Features

Bay Area artists battle over giant bra balls

By Margie Mason Associated Press Writer
Monday May 28, 2001

EL CERRITO – Hers weighs 650 pounds, his weighs 1,300 pounds, but when it comes to a competition between two giant balls of bras, does size really matter? 

San Francisco Bay area artists Emily Duffy and Ron Nicolino are more concerned with copyrights than cup size and cleavage. They’ve each retained lawyers and traded threatening letters as they brawl over who owns the concept. 

Meanwhile, their balls keep growing — huge spheres of lace, silk, padding and underwire bras of all colors, shapes and sizes. 

Nicolino — he wants to be known only as Nicolino — has used 14,000 bras from an abandoned project to hook them across the Grand Canyon. Now he’s pulling his ball to Los Angeles behind his 1963 flamingo pink Cadillac, looking for someone to sponsor a worldwide tour and eventually, a showcase where people can continue to build the ball by hooking on their own bras. 

“I think it’s a major important part of American art,” Nicolino said while displaying the 5-foot-wide “Big Giant Bra Ball” in San Francisco. “It’s making commentary as it’s driving along. It’s about making dialogue about body image.” 

Duffy, who says Nicolino stole her idea, says his roadside attraction is really about exploiting women. 

“The only reason I’m doing this is that I just don’t want it to be another case of a man getting one over on a woman,” Duffy said. 

Both balls keep growing, through spontaneous donation. 

Sandy Brychta of San Francisco marched right up to Nicolino’s ball at Pier 23, unbuttoned her jacket and stripped off a lacy beige number. She hooked it on, then walked off with her head held high. 
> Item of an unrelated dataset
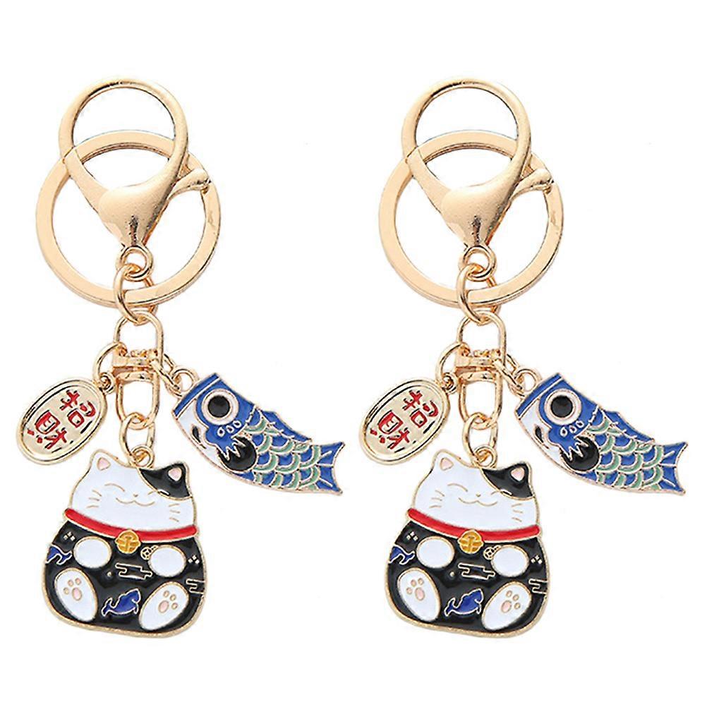 2pcs Fortune Cat Key Ring Japanese Style Keychain Zinc Alloy Key Chain Decor

“They dared me, and I have been known as a person who accepts a challenge,” Brychta said, laughing with her friends. “This is probably the only way anyone’s going to see my bra since I don’t have a man in my life.” 
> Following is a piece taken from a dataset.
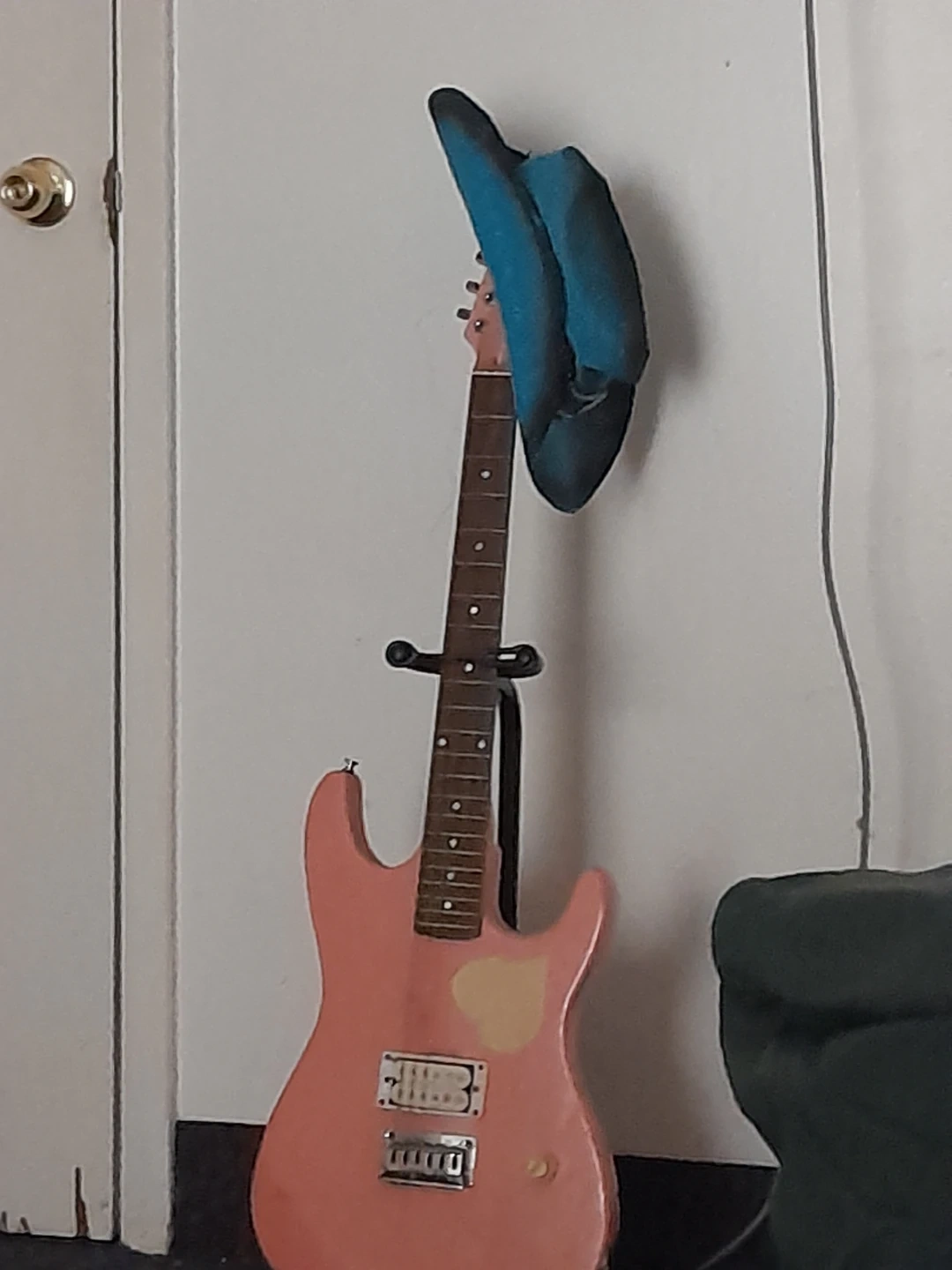 Selling a pink electric guitar. It has a heart design on the body. Perfect for someone looking to start playing or add a unique piece to their collection! Good condition just needs strings

Nicolino, of Point Richmond, acknowledges that Duffy came up with the idea. He says they were going to collaborate, but he dropped her when she proposed using only some of the bras and sealing them with silicone, which he sees as demoralizing to women. 

Duffy, of El Cerrito, says Nicolino has got it all wrong. 

After he publicly offered to give the bras away last fall, she agreed to take some to decorate her Vain Van, a minivan festooned with black bras, Barbie doll busts, high-heeled shoes, curlers and a pink steering wheel that says “Princess.” 

When he told her to take all or nothing, Duffy proposed the bra ball idea. Shortly thereafter, he said he wanted to do the project alone. 

In protest, Duffy quickly sent for a copyright and launched a mass e-mail to her women friends, requesting their bras to build her own “BraBall.” 

Now it’s 5,850 bras thick and about 3 1/2 feet in diameter. There are well-worn bras from prostitutes, milk-stained nursing bras, furry bras and plain ones of all sizes, from training bras on up to 44PS (each cup seems big enough to double as a hat.) 

Both conceptual artists seem to have a thing for women’s underwear. Duffy, a former fashion designer, has created a series of collages and prints involving bras and thongs. Nicolino once used bras in a replica of the Statue of Liberty. 

As an incest survivor, Duffy sees herself as a strong feminist, but she never expected her e-mail would link thousands of other angry women’s bra straps together worldwide. She eventually wants to show the sculpture in galleries and donate it to a permanent home in a museum or the lobby of a women’s nonprofit organization. 

“It’s a monument to the average American woman who is so strong, and yet no one talks about that,” Duffy said. “She is solid in a very dense way — the way the ball is. Women hold this world together.” 

Duffy’s e-mail, which is still being forwarded, often prompts letters of support from the bra-senders, which include men, too, some of whom have lost family members to breast cancer. 

But no men, not even Duffy’s husband, are allowed to work on her BraBall. 

“For centuries, men have been using women’s bodies to make art,” she said. “This is a monument to us.”